**BRIEF**
As you reproduce every line below, keep it exactly as written and leave out the images.

**RECORDED INFORMATION**
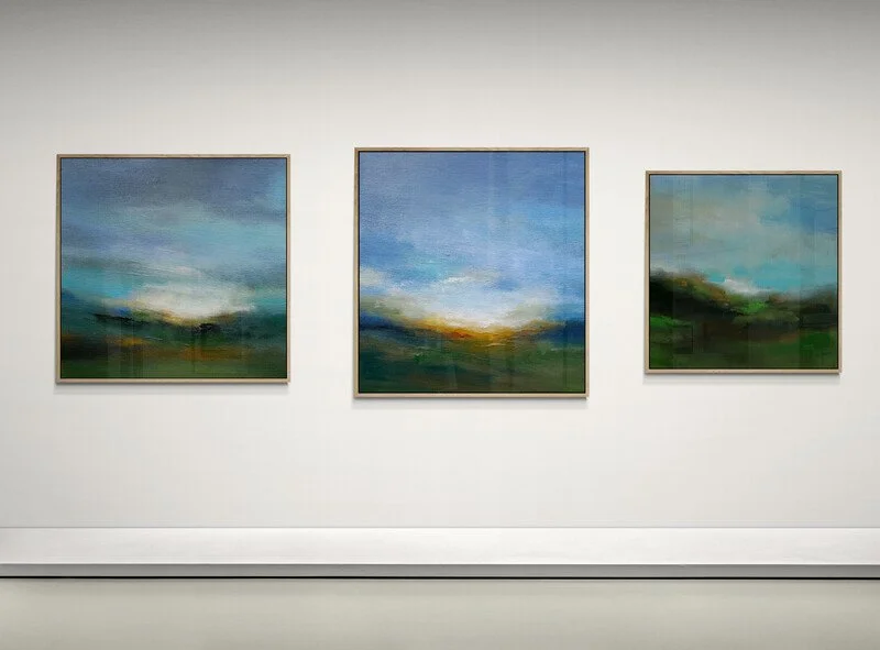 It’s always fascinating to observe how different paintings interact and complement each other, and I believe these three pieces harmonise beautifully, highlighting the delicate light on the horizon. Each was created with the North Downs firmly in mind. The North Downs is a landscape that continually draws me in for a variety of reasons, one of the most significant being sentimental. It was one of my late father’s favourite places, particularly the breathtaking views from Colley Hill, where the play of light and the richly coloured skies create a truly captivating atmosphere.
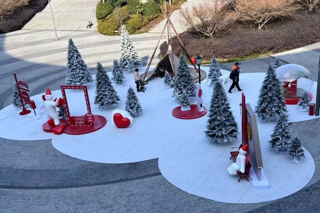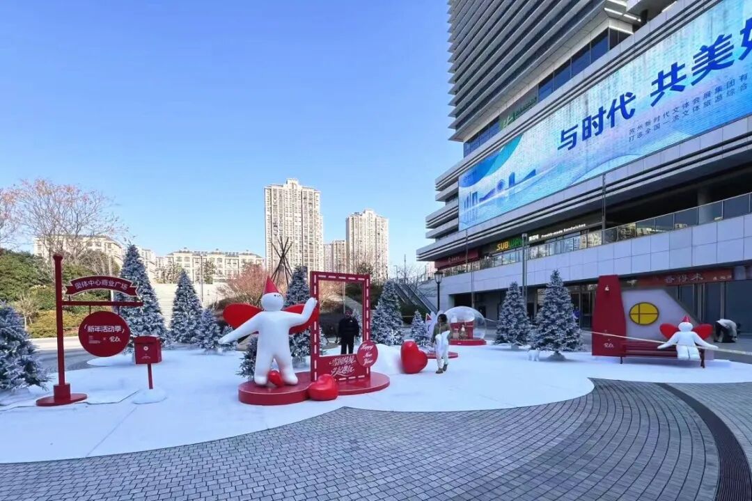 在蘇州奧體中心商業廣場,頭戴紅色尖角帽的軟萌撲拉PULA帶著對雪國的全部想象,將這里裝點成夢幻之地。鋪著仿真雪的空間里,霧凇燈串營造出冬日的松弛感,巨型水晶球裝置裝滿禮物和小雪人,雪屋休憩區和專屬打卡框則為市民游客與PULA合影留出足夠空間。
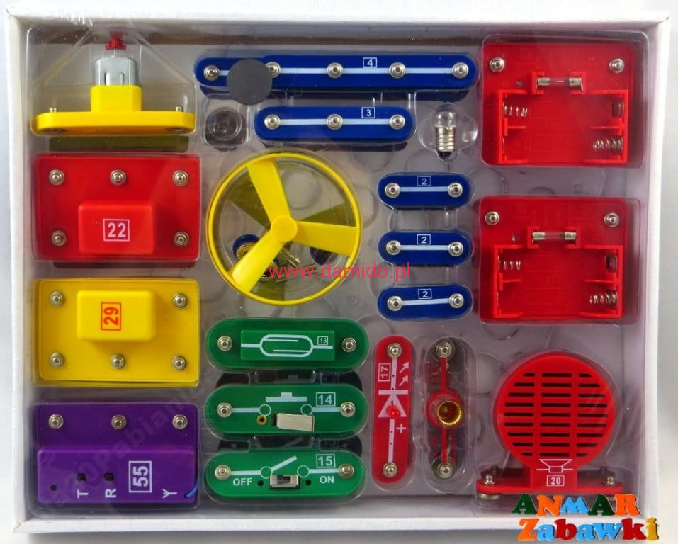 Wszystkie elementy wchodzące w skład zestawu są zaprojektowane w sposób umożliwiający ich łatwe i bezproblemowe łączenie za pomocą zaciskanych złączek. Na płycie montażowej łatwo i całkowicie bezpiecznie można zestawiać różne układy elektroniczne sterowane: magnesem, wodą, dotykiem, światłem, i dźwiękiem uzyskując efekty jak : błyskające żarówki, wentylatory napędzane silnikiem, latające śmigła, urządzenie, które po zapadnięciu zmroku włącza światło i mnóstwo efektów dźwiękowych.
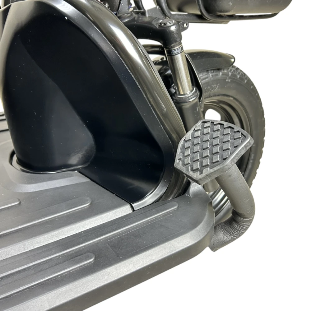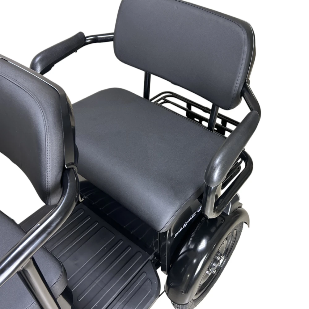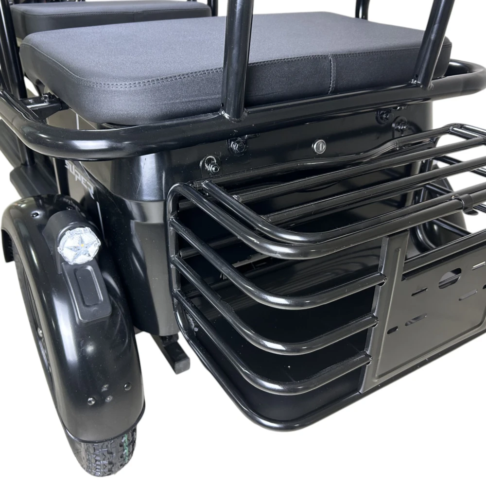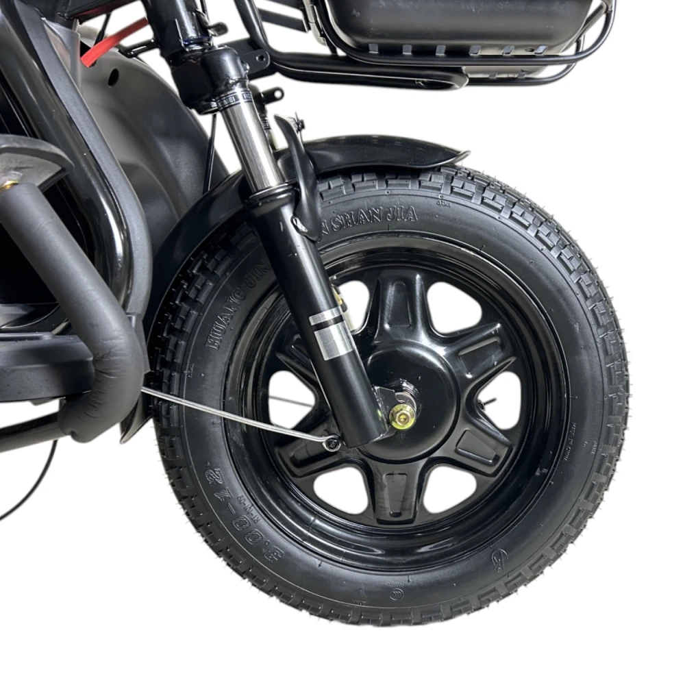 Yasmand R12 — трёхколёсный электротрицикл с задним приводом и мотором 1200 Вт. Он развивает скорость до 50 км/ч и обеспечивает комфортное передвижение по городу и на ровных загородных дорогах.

**EXERCISE SOLUTION**
 It’s always fascinating to observe how different paintings interact and complement each other, and I believe these three pieces harmonise beautifully, highlighting the delicate light on the horizon. Each was created with the North Downs firmly in mind. The North Downs is a landscape that continually draws me in for a variety of reasons, one of the most significant being sentimental. It was one of my late father’s favourite places, particularly the breathtaking views from Colley Hill, where the play of light and the richly coloured skies create a truly captivating atmosphere.
 在蘇州奧體中心商業廣場,頭戴紅色尖角帽的軟萌撲拉PULA帶著對雪國的全部想象,將這里裝點成夢幻之地。鋪著仿真雪的空間里,霧凇燈串營造出冬日的松弛感,巨型水晶球裝置裝滿禮物和小雪人,雪屋休憩區和專屬打卡框則為市民游客與PULA合影留出足夠空間。
 Wszystkie elementy wchodzące w skład zestawu są zaprojektowane w sposób umożliwiający ich łatwe i bezproblemowe łączenie za pomocą zaciskanych złączek. Na płycie montażowej łatwo i całkowicie bezpiecznie można zestawiać różne układy elektroniczne sterowane: magnesem, wodą, dotykiem, światłem, i dźwiękiem uzyskując efekty jak : błyskające żarówki, wentylatory napędzane silnikiem, latające śmigła, urządzenie, które po zapadnięciu zmroku włącza światło i mnóstwo efektów dźwiękowych.
 Yasmand R12 — трёхколёсный электротрицикл с задним приводом и мотором 1200 Вт. Он развивает скорость до 50 км/ч и обеспечивает комфортное передвижение по городу и на ровных загородных дорогах.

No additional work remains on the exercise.